Assignment => Take the lines below from the one with "Marmot Trestles Elite" through the one with "ZARA ДЖЕМПЕР ТОНКОЙ" and print only them, exactly. Don't print the pictures.

Given information =>
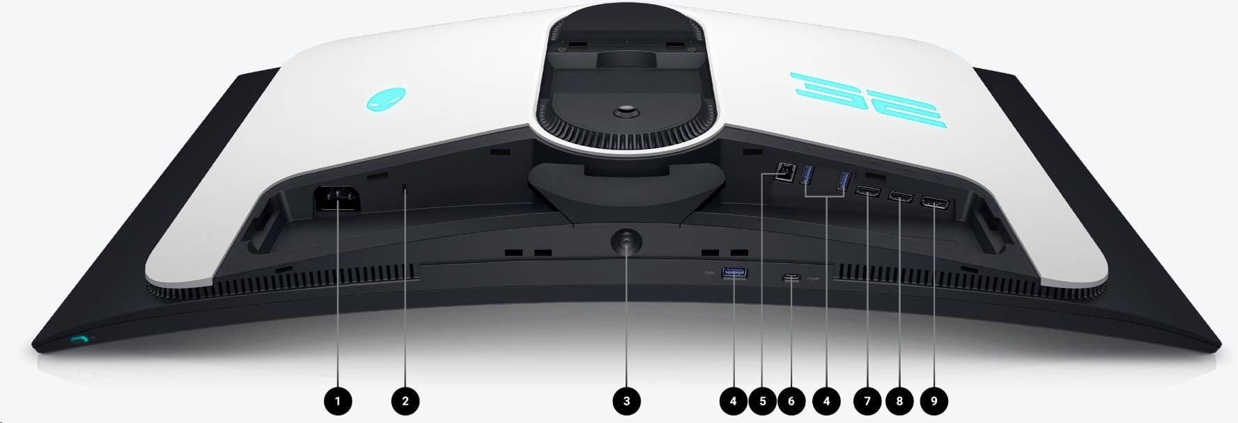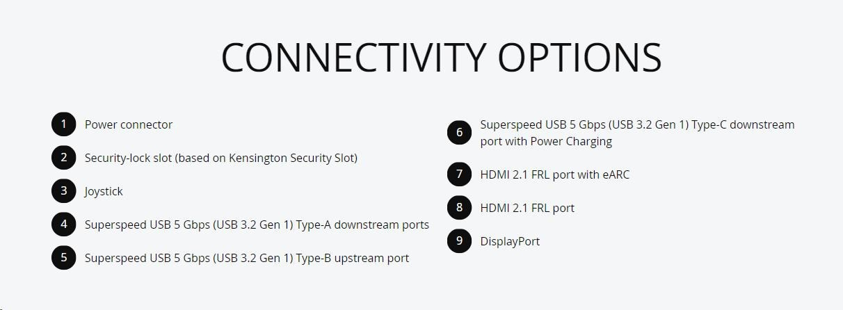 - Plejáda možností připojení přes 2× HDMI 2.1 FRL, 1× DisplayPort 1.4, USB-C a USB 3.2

* * *

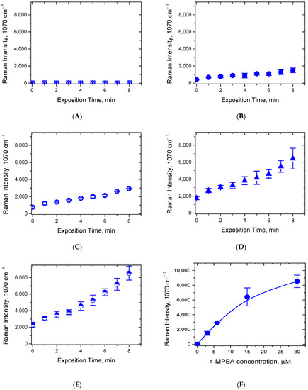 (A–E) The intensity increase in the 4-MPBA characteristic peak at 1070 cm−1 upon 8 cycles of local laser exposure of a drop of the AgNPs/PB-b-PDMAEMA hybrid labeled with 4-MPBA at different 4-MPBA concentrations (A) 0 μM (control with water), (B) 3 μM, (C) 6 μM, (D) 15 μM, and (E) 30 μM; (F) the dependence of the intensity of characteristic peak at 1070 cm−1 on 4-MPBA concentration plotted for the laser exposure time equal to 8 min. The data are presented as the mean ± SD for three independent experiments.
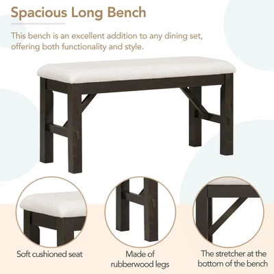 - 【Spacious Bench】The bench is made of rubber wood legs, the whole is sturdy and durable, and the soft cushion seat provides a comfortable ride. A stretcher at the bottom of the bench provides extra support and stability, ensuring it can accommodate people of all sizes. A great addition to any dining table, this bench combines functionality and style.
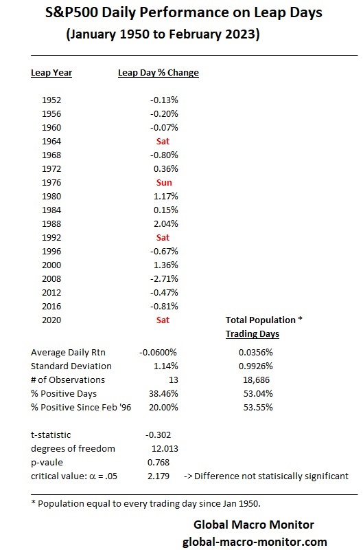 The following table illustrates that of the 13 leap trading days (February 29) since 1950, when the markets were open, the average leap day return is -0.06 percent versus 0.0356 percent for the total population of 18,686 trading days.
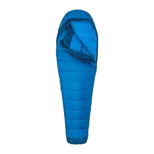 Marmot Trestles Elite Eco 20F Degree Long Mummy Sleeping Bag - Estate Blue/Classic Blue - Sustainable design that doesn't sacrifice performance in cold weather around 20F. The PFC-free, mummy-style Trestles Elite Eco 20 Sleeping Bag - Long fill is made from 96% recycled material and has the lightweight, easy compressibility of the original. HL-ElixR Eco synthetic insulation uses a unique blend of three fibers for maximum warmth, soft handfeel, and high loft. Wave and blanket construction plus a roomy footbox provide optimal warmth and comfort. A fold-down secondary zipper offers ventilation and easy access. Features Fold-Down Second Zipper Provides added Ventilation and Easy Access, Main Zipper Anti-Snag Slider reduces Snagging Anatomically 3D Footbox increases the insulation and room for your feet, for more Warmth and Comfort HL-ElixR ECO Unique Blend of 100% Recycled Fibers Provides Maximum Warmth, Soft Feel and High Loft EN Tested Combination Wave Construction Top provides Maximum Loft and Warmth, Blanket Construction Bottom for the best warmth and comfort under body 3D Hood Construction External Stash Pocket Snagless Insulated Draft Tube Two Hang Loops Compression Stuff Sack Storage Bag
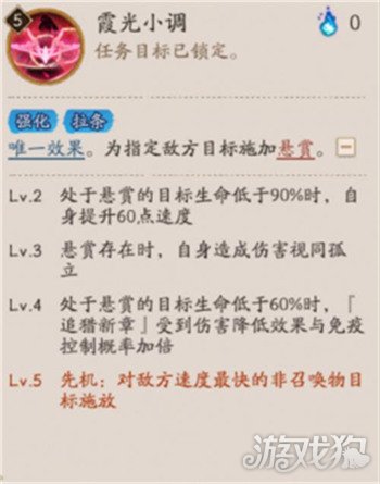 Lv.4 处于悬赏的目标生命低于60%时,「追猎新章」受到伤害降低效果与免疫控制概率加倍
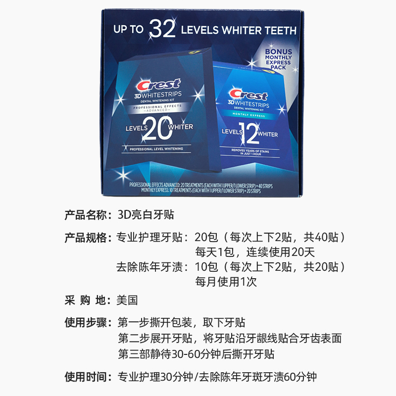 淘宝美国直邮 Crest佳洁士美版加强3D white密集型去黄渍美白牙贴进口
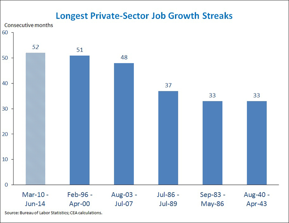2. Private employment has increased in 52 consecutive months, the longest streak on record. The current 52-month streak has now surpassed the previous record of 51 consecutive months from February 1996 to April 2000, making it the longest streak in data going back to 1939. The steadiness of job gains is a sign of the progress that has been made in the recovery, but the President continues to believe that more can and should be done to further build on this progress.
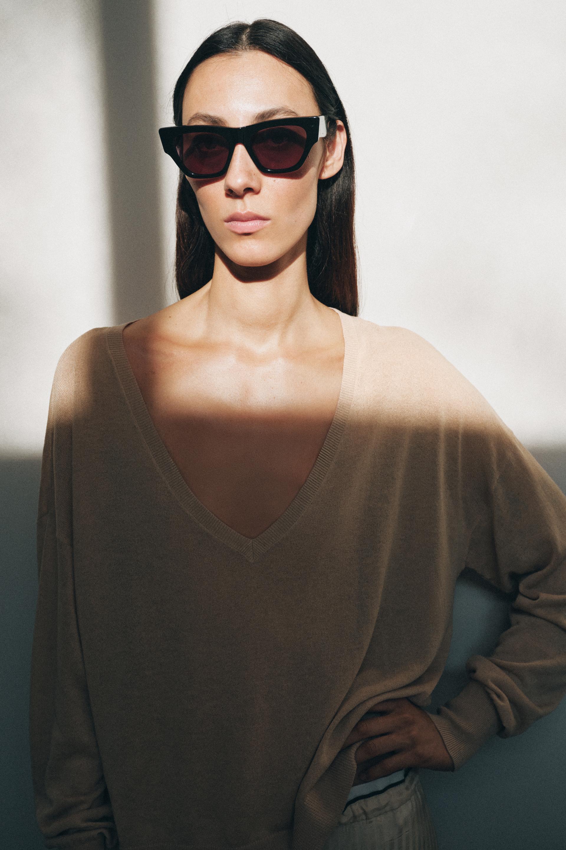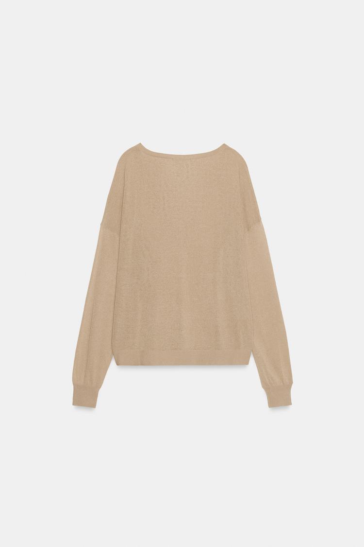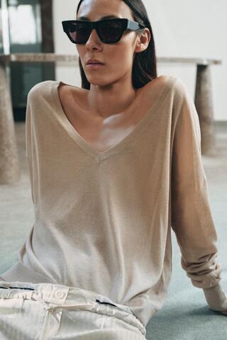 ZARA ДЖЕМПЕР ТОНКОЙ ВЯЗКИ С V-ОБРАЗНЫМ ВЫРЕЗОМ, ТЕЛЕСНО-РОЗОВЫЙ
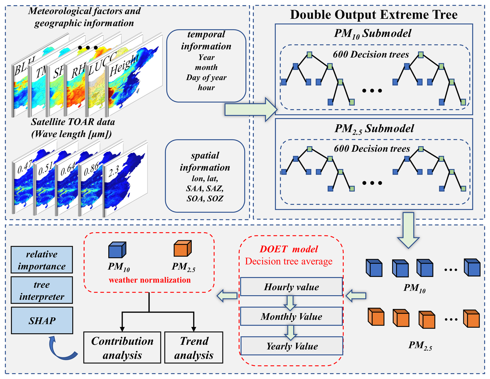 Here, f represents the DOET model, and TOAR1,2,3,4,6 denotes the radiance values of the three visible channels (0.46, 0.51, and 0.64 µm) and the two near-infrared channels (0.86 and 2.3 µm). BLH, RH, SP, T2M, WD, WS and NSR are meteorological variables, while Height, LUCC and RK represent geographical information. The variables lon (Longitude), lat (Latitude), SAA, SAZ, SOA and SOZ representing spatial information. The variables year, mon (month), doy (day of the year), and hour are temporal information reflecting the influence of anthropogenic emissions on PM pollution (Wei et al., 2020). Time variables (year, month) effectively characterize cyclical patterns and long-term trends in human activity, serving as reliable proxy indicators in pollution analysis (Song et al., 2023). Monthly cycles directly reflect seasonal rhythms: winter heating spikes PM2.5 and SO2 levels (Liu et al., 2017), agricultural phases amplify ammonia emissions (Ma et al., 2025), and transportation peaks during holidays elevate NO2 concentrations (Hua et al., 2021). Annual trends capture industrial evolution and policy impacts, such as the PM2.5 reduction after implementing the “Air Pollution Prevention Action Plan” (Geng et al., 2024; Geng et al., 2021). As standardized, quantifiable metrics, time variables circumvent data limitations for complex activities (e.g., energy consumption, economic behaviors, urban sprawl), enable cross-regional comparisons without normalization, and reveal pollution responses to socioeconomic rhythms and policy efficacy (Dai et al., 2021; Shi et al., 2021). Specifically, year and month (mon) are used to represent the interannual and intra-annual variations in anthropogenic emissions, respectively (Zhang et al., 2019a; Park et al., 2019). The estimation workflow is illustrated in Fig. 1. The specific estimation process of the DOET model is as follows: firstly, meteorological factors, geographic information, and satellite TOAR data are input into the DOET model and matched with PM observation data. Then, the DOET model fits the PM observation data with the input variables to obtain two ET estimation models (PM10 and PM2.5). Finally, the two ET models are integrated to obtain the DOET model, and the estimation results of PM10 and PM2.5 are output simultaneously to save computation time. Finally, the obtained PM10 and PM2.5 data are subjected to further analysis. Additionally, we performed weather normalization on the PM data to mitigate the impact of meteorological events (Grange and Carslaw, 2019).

Result for this exercise =>
 Marmot Trestles Elite Eco 20F Degree Long Mummy Sleeping Bag - Estate Blue/Classic Blue - Sustainable design that doesn't sacrifice performance in cold weather around 20F. The PFC-free, mummy-style Trestles Elite Eco 20 Sleeping Bag - Long fill is made from 96% recycled material and has the lightweight, easy compressibility of the original. HL-ElixR Eco synthetic insulation uses a unique blend of three fibers for maximum warmth, soft handfeel, and high loft. Wave and blanket construction plus a roomy footbox provide optimal warmth and comfort. A fold-down secondary zipper offers ventilation and easy access. Features Fold-Down Second Zipper Provides added Ventilation and Easy Access, Main Zipper Anti-Snag Slider reduces Snagging Anatomically 3D Footbox increases the insulation and room for your feet, for more Warmth and Comfort HL-ElixR ECO Unique Blend of 100% Recycled Fibers Provides Maximum Warmth, Soft Feel and High Loft EN Tested Combination Wave Construction Top provides Maximum Loft and Warmth, Blanket Construction Bottom for the best warmth and comfort under body 3D Hood Construction External Stash Pocket Snagless Insulated Draft Tube Two Hang Loops Compression Stuff Sack Storage Bag
 Lv.4 处于悬赏的目标生命低于60%时,「追猎新章」受到伤害降低效果与免疫控制概率加倍
 淘宝美国直邮 Crest佳洁士美版加强3D white密集型去黄渍美白牙贴进口
2. Private employment has increased in 52 consecutive months, the longest streak on record. The current 52-month streak has now surpassed the previous record of 51 consecutive months from February 1996 to April 2000, making it the longest streak in data going back to 1939. The steadiness of job gains is a sign of the progress that has been made in the recovery, but the President continues to believe that more can and should be done to further build on this progress.
 ZARA ДЖЕМПЕР ТОНКОЙ ВЯЗКИ С V-ОБРАЗНЫМ ВЫРЕЗОМ, ТЕЛЕСНО-РОЗОВЫЙ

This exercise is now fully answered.